__Your task__.
Retype exactly the lines of the listing below from the one with "どんどん後ろから怪獣が襲ってくる〜〜!! なんかナウシカに出てきそうかも??? |" through the last, both included, and leave every picture out.

──────────────────────────────

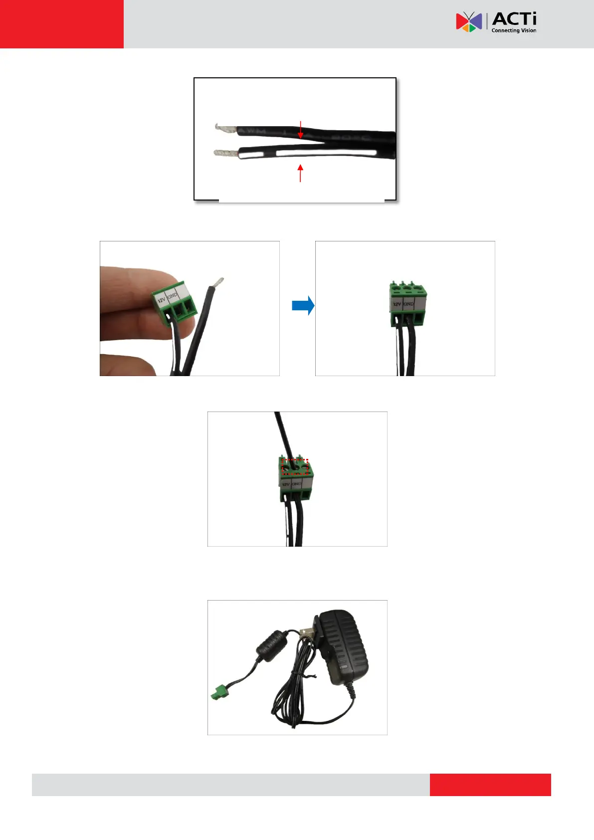 4. Tighten the screws of the 12V pin and the GND pins to secure the wire connection.
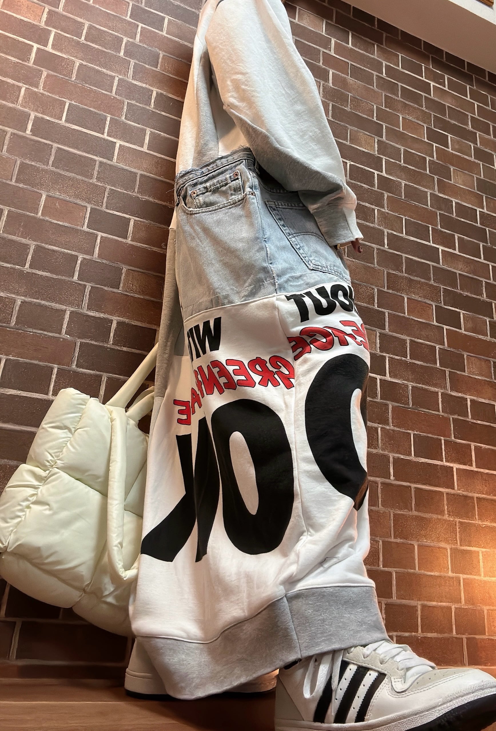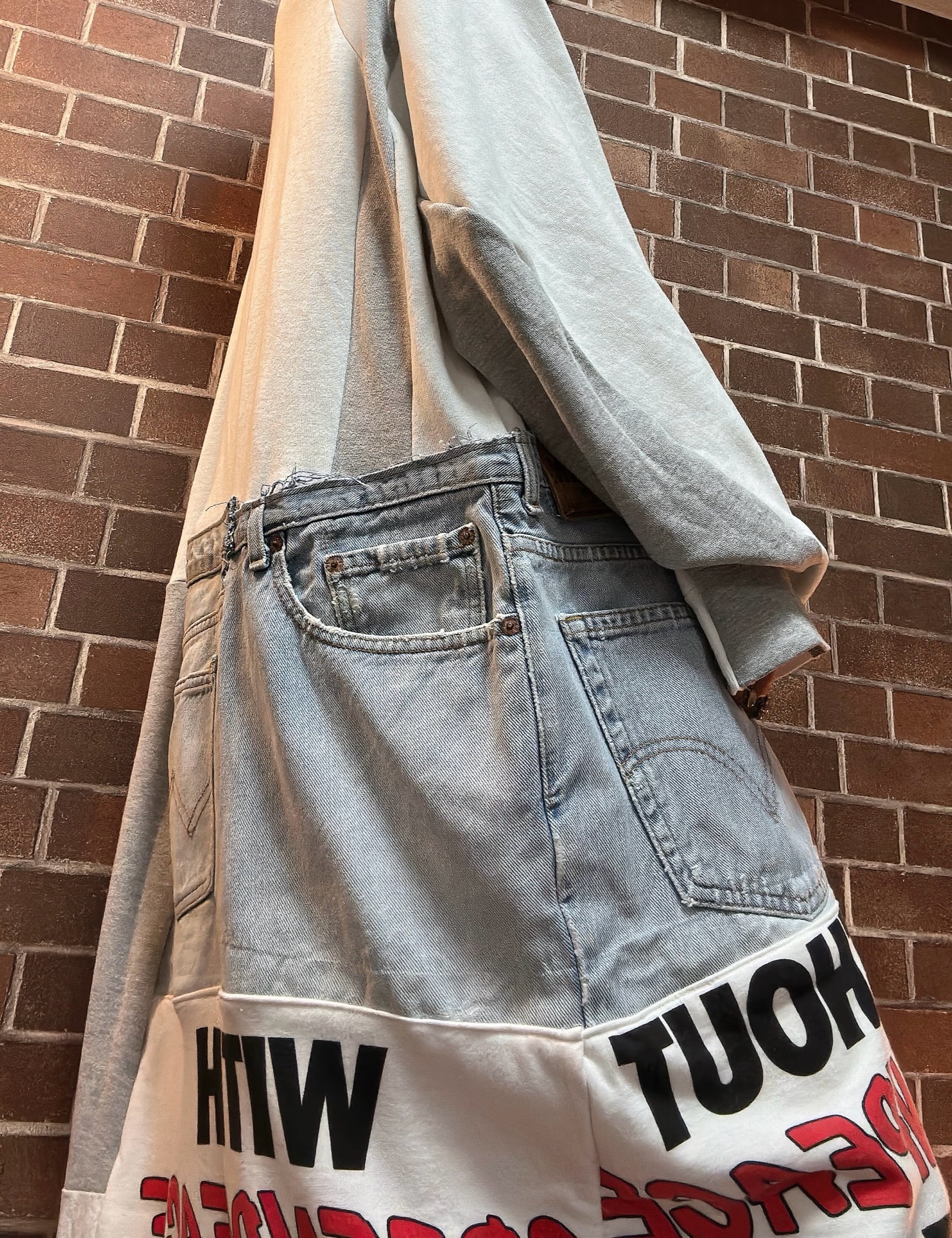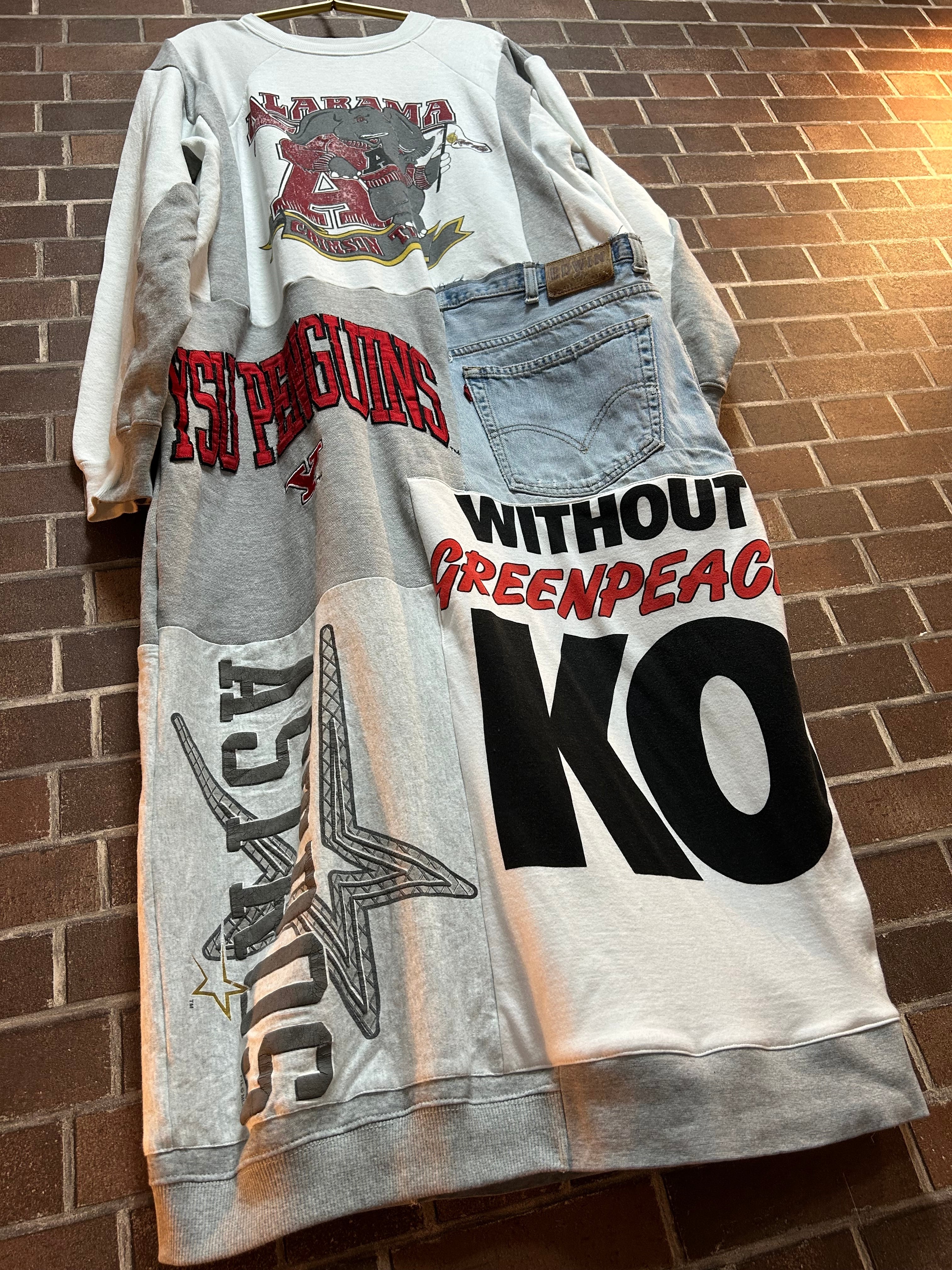ビンテージスエットや、古着のデニムを使用して制作したリメイクのパッチワークワンピースです⭐︎
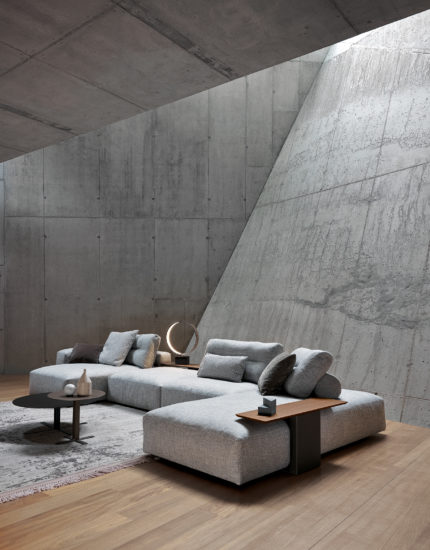 My Taos is the sofa design that best communicates Saba’s identity. Its recent redesign is based on the 4 pillars of the company: memory, comfort, design and poetry. Memory is evident in the new My Taos in the integrity towards the original design, maintaining the fluidity of the pouf structures. Improved comfort has redefined the heights of the back structures and improved the ergonomics using the latest generation of materials. This new design has also altered the fold out side tables and new cylindrical support cushions. The element of poetry in the updated design has rounded the forms softening all the edges and lines. My Taos sofa epitomises how an excellent design stands the test of time.
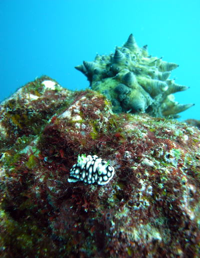 | 備前の根のトップでは、こんなシーンがっ!! キカモヨウウミウシがオニイボナマコに襲撃されそう(>_<) どんどん後ろから怪獣が襲ってくる〜〜!! なんかナウシカに出てきそうかも??? |
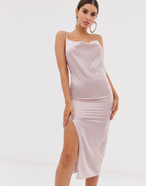 PrettyLittleThing - Robe mi-longue à bretelles en satin à col bénitier - Lilas
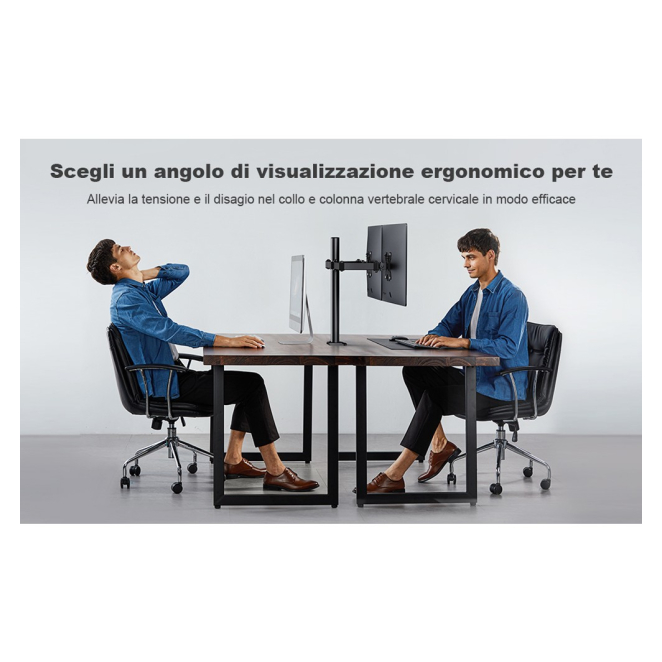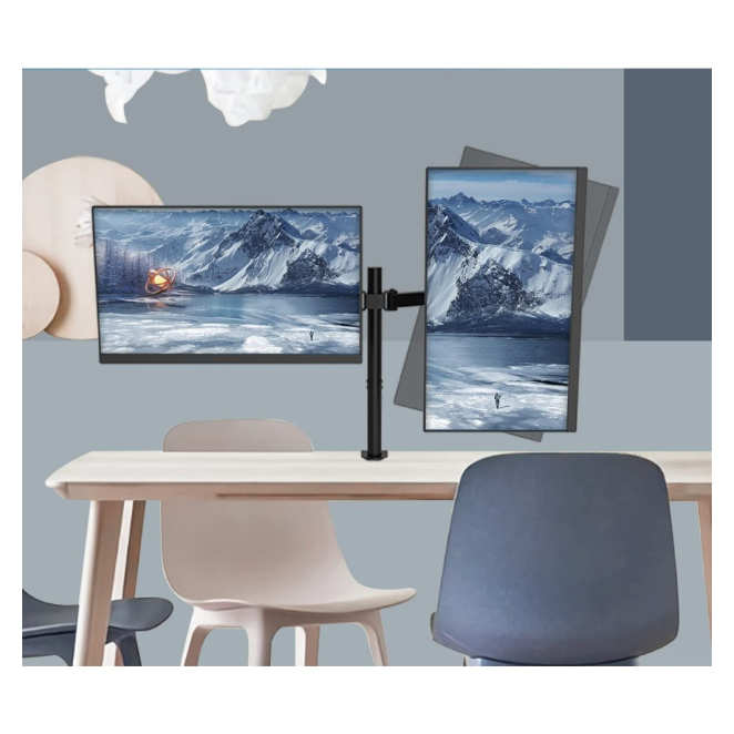 Soporta dos monitores, optimizando el uso del espacio y mejorando la eficiencia en tu trabajo diario.
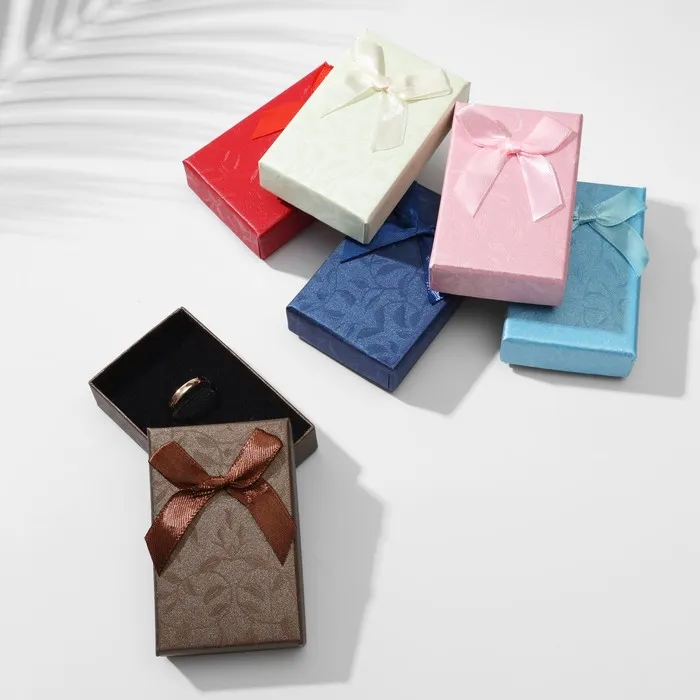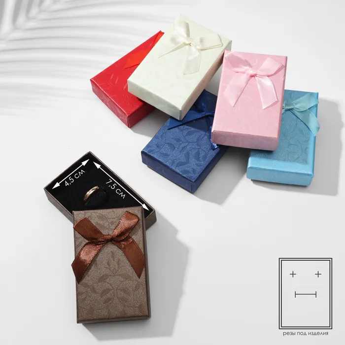 С нашими прекрасными коробочками любой подарок станет еще лучше и ярче. Футляр выполнен из прочного плотного картона. Оптимальный размер коробки 5*8см позволяет разместить разнообразные виды ювелирных изделий – от сережек до колье. Внутри каждой коробочки с крышкой есть черная бархатная подложка. С помощью специальных прорезей на подушечке можно аккуратно разместить и зафиксировать цепочки, гвоздики и перстни. А если убрать подложку, упаковка подойдет даже для часов с мягким плоским ремешком или на цепи.

──────────────────────────────

__Reply__.
 | 備前の根のトップでは、こんなシーンがっ!! キカモヨウウミウシがオニイボナマコに襲撃されそう(>_<) どんどん後ろから怪獣が襲ってくる〜〜!! なんかナウシカに出てきそうかも??? |
 PrettyLittleThing - Robe mi-longue à bretelles en satin à col bénitier - Lilas
 Soporta dos monitores, optimizando el uso del espacio y mejorando la eficiencia en tu trabajo diario.
 С нашими прекрасными коробочками любой подарок станет еще лучше и ярче. Футляр выполнен из прочного плотного картона. Оптимальный размер коробки 5*8см позволяет разместить разнообразные виды ювелирных изделий – от сережек до колье. Внутри каждой коробочки с крышкой есть черная бархатная подложка. С помощью специальных прорезей на подушечке можно аккуратно разместить и зафиксировать цепочки, гвоздики и перстни. А если убрать подложку, упаковка подойдет даже для часов с мягким плоским ремешком или на цепи.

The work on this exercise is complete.